Rusya’nın Ukrayna’yı işgali, Avrupa’nın uzun süredir askıya aldığı bir tartışmayı yeniden alevlendirdi: Avrupa Birliği’nin sınırları nerede bitiyor, ya da bitmeli mi?
Brüksel’in koridorlarında yeniden yankılanan “genişleme” kelimesi, bu kez sadece bürokratların değil, halkın da gündeminde. Son Eurobarometre anketine göre Avrupalıların yarısından fazlası — yüzde 56’sı — Birliğin kapılarının yeni ülkelere açılmasını destekliyor.
Bu oran, özellikle İsveç, Danimarka ve Litvanya gibi kuzey ülkelerinde neredeyse bir “genleşme coşkusu”na dönüşmüş durumda. Buna karşın Avusturya ve Fransa gibi ülkeler, genişlemenin AB’nin kendi iç sorunlarını gölgeleyebileceği endişesini taşıyor. Avrupa bir kez daha ikiye bölünmüş: Açık bir gelecek isteyenler ve “fazla büyüyen” bir Avrupa’dan korkanlar.

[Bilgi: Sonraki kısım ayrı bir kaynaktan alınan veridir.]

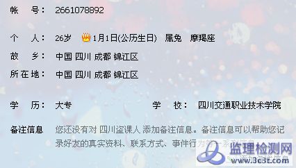 请大家人肉这个骗子,QQ号2661078892 昵称 公路工程试验,主要以检测网名义在外行骗,以出售答案真题为诱饵。

Ama asıl dikkat çekici olan, genç kuşakların sesi.
Avrupa Politika Merkezi’nin direktör yardımcısı Corina Stratulat’ın tespiti yerinde: “Destek büyük ölçüde gençlerden ve eğitimli kesimden geliyor.”
Peki, Avrupa neden genişlemeli?
Kimi için bu bir jeopolitik zorunluluk: Rusya’nın yayılmacı politikaları karşısında Avrupa’nın güvenlik duvarını güçlendirmesi gerekiyor. Kimine göreyse bu bir ekonomik açılım: yeni pazarlar, genç işgücü, enerji koridorları.
Ama belki de en önemlisi, bu süreç Avrupa’nın kendine dair varoluş sorusunu yeniden sormasına yol açıyor. Birlik sadece refahın değil, demokrasinin ve dayanışmanın da projesiyse, o zaman kapılar kapalı kalamaz.
4 Kasım’da Brüksel’de yapılacak Genişleme Zirvesi, bu tartışmayı ete kemiğe büründürecek. Aday ülkeler, “ne zaman?” sorusunun cevabını beklerken, AB liderleri “ne kadar hazırız?” sorusuyla yüzleşmek zorunda kalacak.
Belki de Avrupa’nın geleceği artık Brüksel’in salonlarında değil, sokaklarda — o gençlerin ellerinde salladığı mavi yıldızlı bayraklarda yazılı.
O bayrak, sadece Avrupa’nın değil, umudun da sembolü olmaya devam ediyor.